Insertional Achilles tendinopathy produces pain right at the back of the heel bone where the tendon attaches, often with a hard bony prominence. Midsubstance tendinopathy produces pain in the body of the tendon, typically 2–6cm above the heel — there’s no bony bump, just tendon pain. The distinction matters because treatments that work for midsubstance (eccentric heel drops) can worsen insertional disease.

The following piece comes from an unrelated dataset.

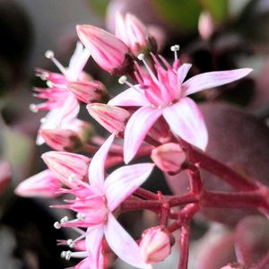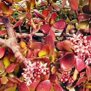 🍀🌻🌷💐🌺🌻🍀 🍀💛金のなる木💛🍀 💐満開になった“金のなる木”濃いピンクが 綺麗です 💐花言葉は(富)、(一攫千金)、(幸運を招く) (不老長寿)です 💐園芸上の名称は花月(カゲツ)です、英名 はdollar plant(ダラープラント)、money tree(マネーツリー)です 💐金のなる木はベンケイソウ科クラッスラ 属に属する植物です、乾燥、低温、多少 の日照不足に強い性質があリます 💐多肉質で光沢感のある葉と、小さくかわ いらしい花が魅力的です 💐11~2月頃は置き場所に注意し、できる だけ明るい室内に置き、肥料はやらず、 土は乾かし気味にすると花が咲き易くな ります 🍀🌻🌹💐🌺🌻🍀

How long does Achilles tendinopathy take to heal?
Midsubstance Achilles tendinopathy responds to the Alfredson eccentric protocol in most patients over 12 weeks of consistent twice-daily exercise. Insertional disease may take longer — 4–6 months — because the treatment options are more limited and the mechanical environment is harder to control. PRP injection accelerates recovery in refractory cases.
Should I run through Achilles pain?
Complete rest is not indicated for most Achilles tendinopathy — tendons need mechanical load to remodel. The Alfredson protocol specifically uses heavy load to stimulate tendon healing. However, high-impact training at levels that produce significant pain after activity should be modified. The goal is maintaining controlled training load while following the rehabilitation protocol.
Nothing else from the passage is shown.